Azure Cosmos DB is a globally distributed, multi-model database service that supports document, key-value, wide-column, and graph databases.

Use the Azure Cosmos DB SQL API SDK for Python to manage databases and the JSON documents they contain in this NoSQL database service.

  • Create Cosmos DB databases and modify their settings
  • Create and modify containers to store collections of JSON documents
  • Create, read, update, and delete the items (JSON documents) in your containers
  • Query the documents in your database using SQL-like syntax

Looking for source code or API reference?

Please see the latest version of the Azure Cosmos DB Python SDK for SQL API

Getting started

If you need a Cosmos DB SQL API account, you can create one with this Azure CLI command:

az cosmosdb create --resource-group <resource-group-name> --name <cosmos-account-name>

Installation

pip install azure-cosmos

Configure a virtual environment (optional)

Although not required, you can keep your your base system and Azure SDK environments isolated from one another if you use a virtual environment. Execute the following commands to configure and then enter a virtual environment with venv:

python3 -m venv azure-cosmosdb-sdk-environment
source azure-cosmosdb-sdk-environment/bin/activate

Key concepts

Interaction with Cosmos DB starts with an instance of the CosmosClient class. You need an account, its URI, and one of its account keys to instantiate the client object.

Get credentials

Use the Azure CLI snippet below to populate two environment variables with the database account URI and its primary master key (you can also find these values in the Azure portal). The snippet is formatted for the Bash shell.

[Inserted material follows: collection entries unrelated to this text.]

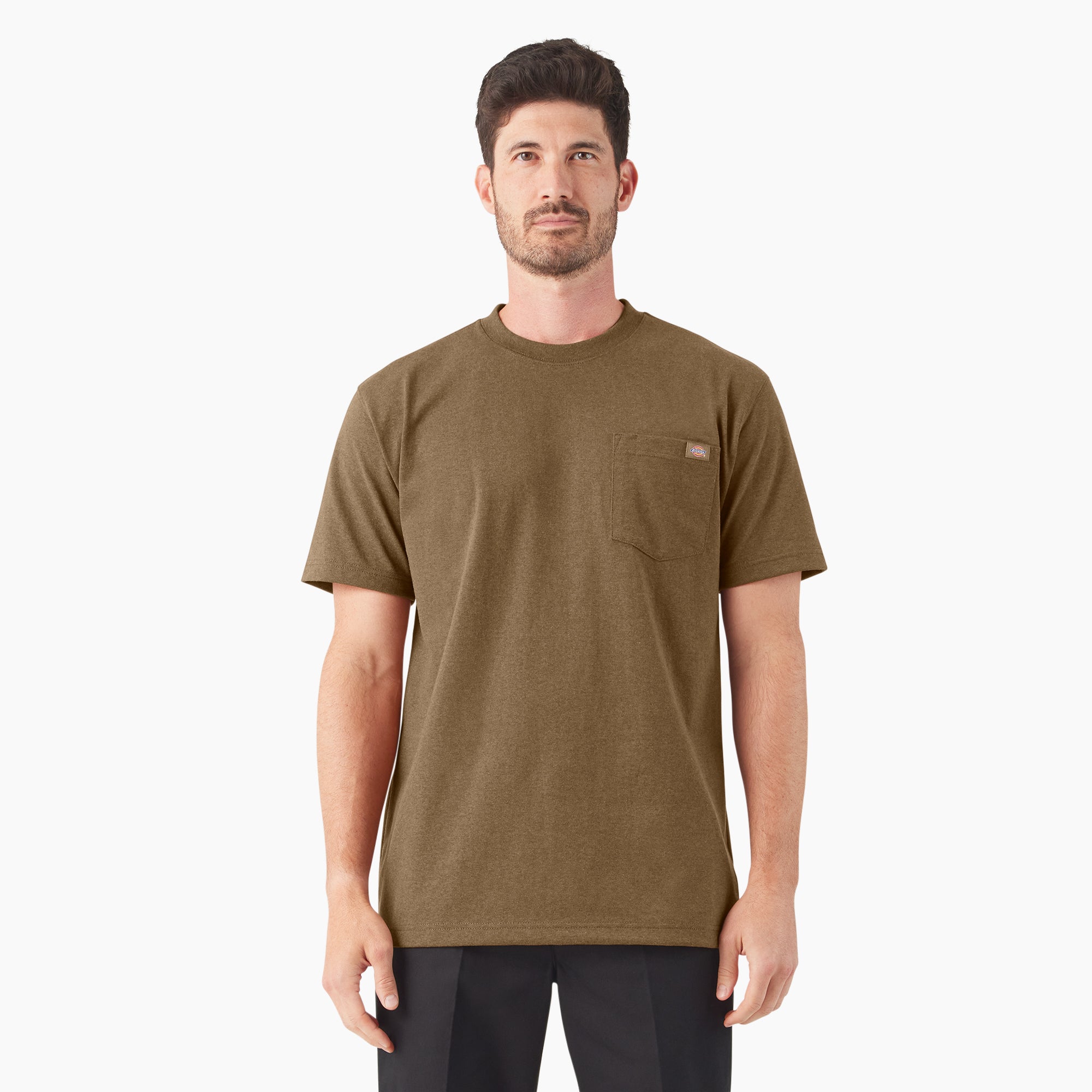 Dickies Men's Heavyweight Heathered Short Sleeve Pocket T-Shirt is a long-lasting workplace tee. Get the job done thanks to this durable heavyweight heathered cotton/polyester blend that stays comfortable throughout the workday and beyond. Store writing tools in its chest pocket with pencil divider, finished with a Dickies logo. The reinforced neck and shoulder seams are built to last, while the tagless neck label ensures an even more comfortable fit so that you can focus on the task at hand. Wear it alone or as a layer.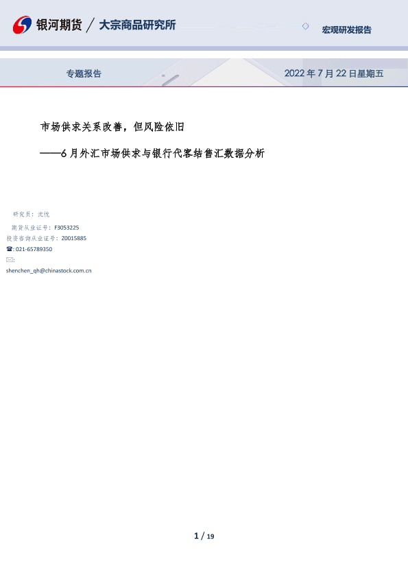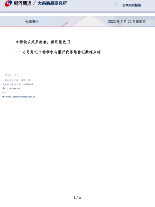 【银河期货】【20220722】6月外汇市场供求与银行代客结售汇数据分析:市场供求关系改善,但风险依旧-19页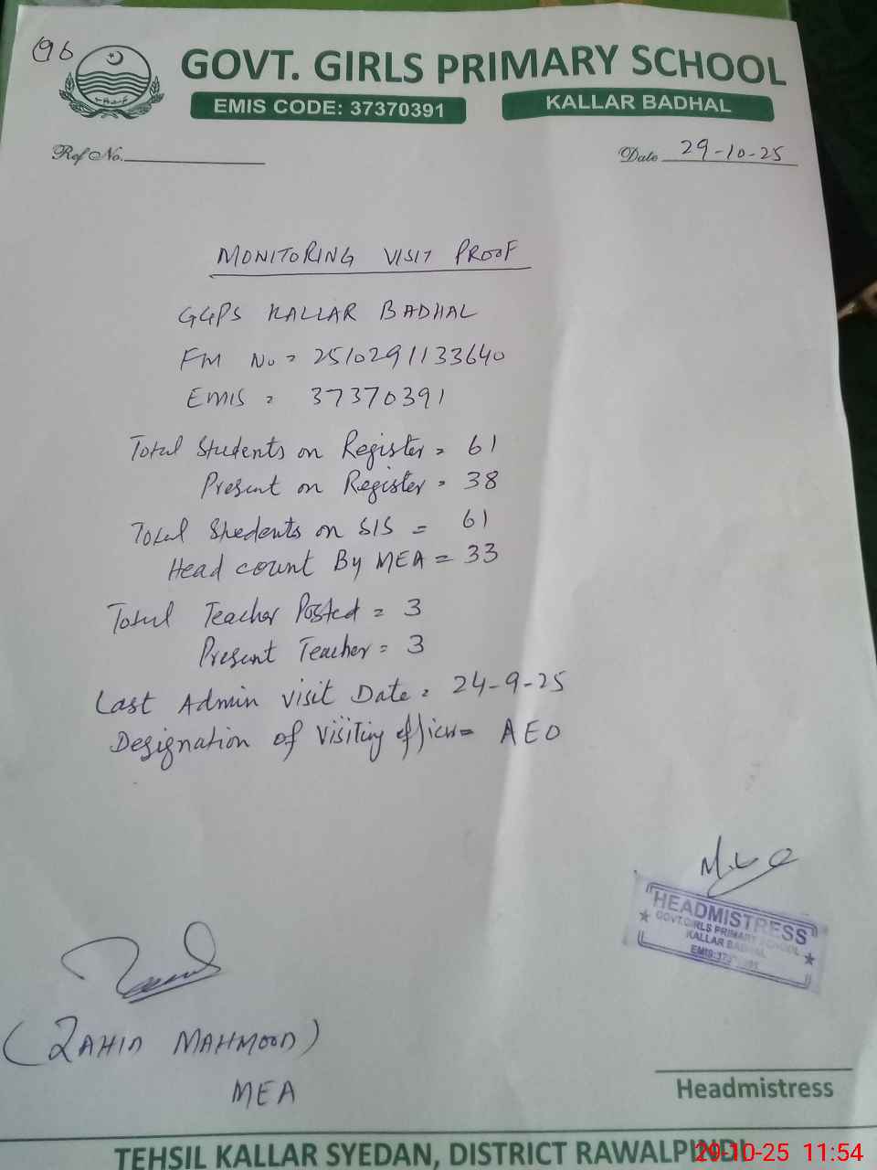 | EMIS Code: 37370391 | Name of School: GGPS KALLAR BADHAL | |||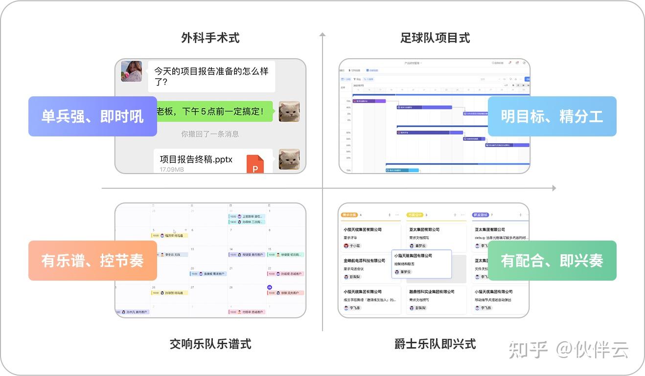 项目团队的组织方式有很多种,但基本上可以归为外科手术式、交响乐队式、爵士乐队式和足球队式四种,不同的团队对应不同的执行方式。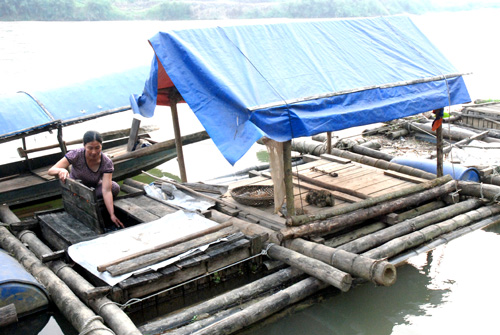 Người dân nuôi cá Chiên trong lồng trên sông Lô tại TP Tuyên Quang, tỉnh Tuyên Quang.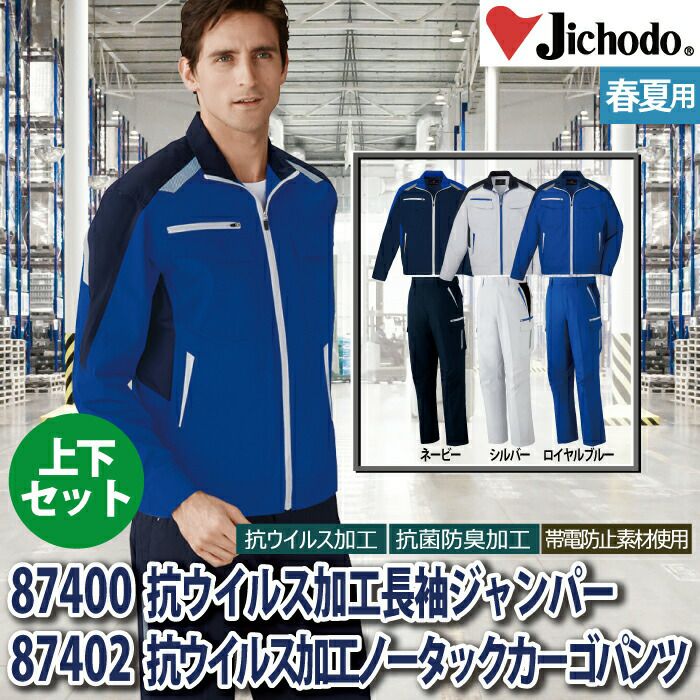 自重堂 作業服 作業着 作業ズボン 自重堂 作業服 上下セット 87400 抗ウイルス加工長袖ジャンパー と 87402 抗ウイルス加工ノータックカーゴパンツ SS-LL 春夏用 おしゃれ 作業着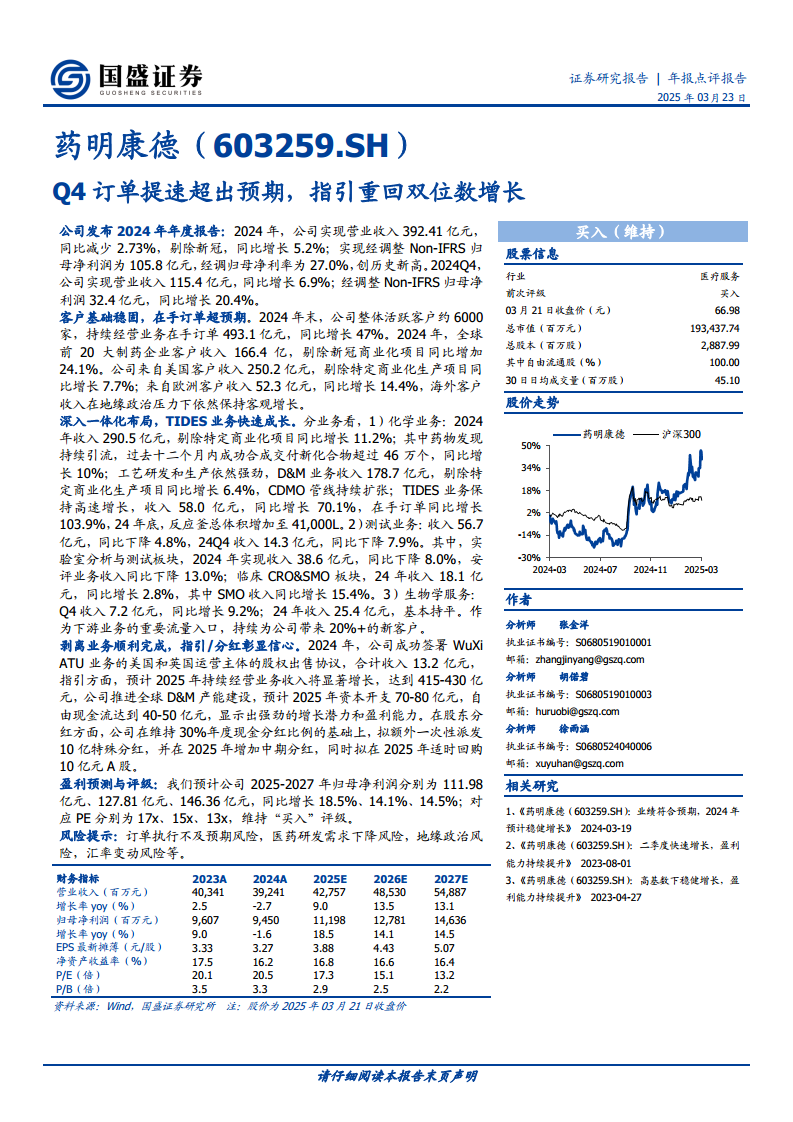 公司通过成功剥离非核心业务,进一步优化了战略布局。对2025年,公司给出了415-430亿元的营收指引,并计划加大D&M产能建设投入,预计自由现金流充裕。同时,公司通过多项股东回报政策,包括维持高比例现金分红、额外特殊分红以及A股回购计划,充分体现了对未来发展的信心和对股东价值的重视。综合来看,药明康德凭借其一体化CRDMO和CTDMO服务模式,在全球医药研发外包市场中保持领先地位,未来增长潜力可期,因此维持“买入”评级。

RES_GROUP=<resource-group-name>
ACCT_NAME=<cosmos-db-account-name>

export ACCOUNT_URI=$(az cosmosdb show --resource-group $RES_GROUP --name $ACCT_NAME --query documentEndpoint --output tsv)
export ACCOUNT_KEY=$(az cosmosdb keys list --resource-group $RES_GROUP --name $ACCT_NAME --query primaryMasterKey --output tsv)

Create client

Once you've populated the ACCOUNT_URI and ACCOUNT_KEY environment variables, you can create the CosmosClient.

import azure.cosmos.cosmos_client as cosmos_client
import azure.cosmos.errors as errors
import azure.cosmos.http_constants as http_constants

import os
url = os.environ['ACCOUNT_URI']
key = os.environ['ACCOUNT_KEY']
client = cosmos_client.CosmosClient(url, {'masterKey': key})

Usage

When you create a Cosmos DB Database Account, you specify the API you'd like to use when interacting with its documents: SQL, MongoDB, Gremlin, Cassandra, or Azure Table.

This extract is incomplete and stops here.